I really spent a long time to run the data2 denoise-paired command. I have allocated 28 processors,200GB RAM (my host computer has 32 processors and 256GB RAM) to Qiime2. However, when the program was running they are only using 2-4 core and less than 90GB RAM. is there anything wrong when I run the script?
My script as following,
time qiime dada2 denoise-paired
--i-demultiplexed-seqs SDSS-2020-demux-paired-end.qza
--p-trim-left-f 11
--p-trim-left-r 10
--p-trunc-len-f 247
--p-trunc-len-r 247
--p-n-threads 0
--o-table SDSS-2020-table.qza
--o-representative-sequences SDSS-2020-rep-seqs.qza
--o-denoising-stats SDSS-2020-denoising-stats.qza
That is a good question. I know setting --p-n-threads 0 should tell the command to use all available cores, but maybe it's incorrectly reading the number of available cores from the virtual machine. Have you tried setting --p-n-threads 28? Additionally, are you sure you're viewing the command during peak system usage there? It is possible that at some point the process was using more CPU resources than that.
Thanks for your reply.@Oddant1, I tried that but is not working. I monitored the running process, the qiime2 used 10 or 12 cores only in the first 5 -10min, after that only 2 or 3 core was used for computation. for 222 samples around 20GB, it takes about 13hours. It seemed not that too bad. But I have another error
"Denoise remaining samples ......................Error in dada_uniques(names(derep[[i]]$uniques), unname(derep[[i]]$uniques), :
Memory allocation failed."
Hi Matthew Ryan Dillon,
When I was running the "denoise paired" command in Qiime2 2020.2. They return error information. attached is the err log. Could you please check and help me solve this error?
qiime2-q2cli-err-ao9rxm00 log.txt (3.1 KB)
I have allocated 28 processors,200GB RAM (my host computer has 32 processors and 256GB RAM)
Here is the command I used,
time qiime dada2 denoise-paired
–i-demultiplexed-seqs SDSS-2020-demux-paired-end.qza
–p-trim-left-f 11
–p-trim-left-r 10
–p-trunc-len-f 247
–p-trunc-len-r 247
–p-n-threads 0
–o-table SDSS-2020-table.qza
–o-representative-sequences SDSS-2020-rep-seqs.qza
–o-denoising-stats SDSS-2020-denoising-stats.qza
@yi_zhou, I have merged this with your public question, as they are basically duplicates. In future, please post questions only once, on the public forum, so that information isn't scattered in multiple places.

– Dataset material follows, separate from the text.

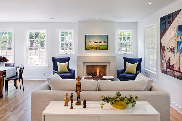 ตามมาชมการตกแต่งภายในบ้านกันค่ะ ผนังและเพดานบ้านทาสีขาวทั้งหมด ทำให้บ้านดูสว่างตา โปร่งโล่ง แล้วยังมีหน้าต่างกระจกรอบบ้านช่วยเรื่องการถ่ายเทอากาศอีกด้วย สำหรับเฟอร์นิเจอร์ตกแต่ง ส่วนใหญ่เป็นสไตล์โมเดิร์น แล้วเพิ่มสีสันจากภาพติดผนังงานศิลป์ ไม่ให้ผนังดูขาวโล่งจนเกินไป

@yi_zhou, it sounds like the times and resource usage you're getting are actually pretty typical.
I monitored the running process, the qiime2 used 10 or 12 cores only in the first 5 -10min, after that only 2 or 3 core was used for computation.
Not every part of DADA2 is actually parallelizable, so you aren't going to get extremely high thread usage the entire way through. That sounds like fairly normal thread utilization.
for 222 samples around 20GB, it takes about 13hours
This also sounds about right. DADA2 is performing some pretty heavy computations, and they can take a very large amount of time to run especially on sizeable data sets.
This probably happened because you tried to create too many threads. Each thread adds significantly to the amount of memory your program is using especially when you're trying to process significant amounts of data (like 20gigs). No matter how much RAM you have, you will eventually use it all if you create enough threads.
Additionally, I'm told you messaged another moderator about this issue. As stipulated in the Code of Conduct please be patient with response times. We will try to get back to you as quickly as we can.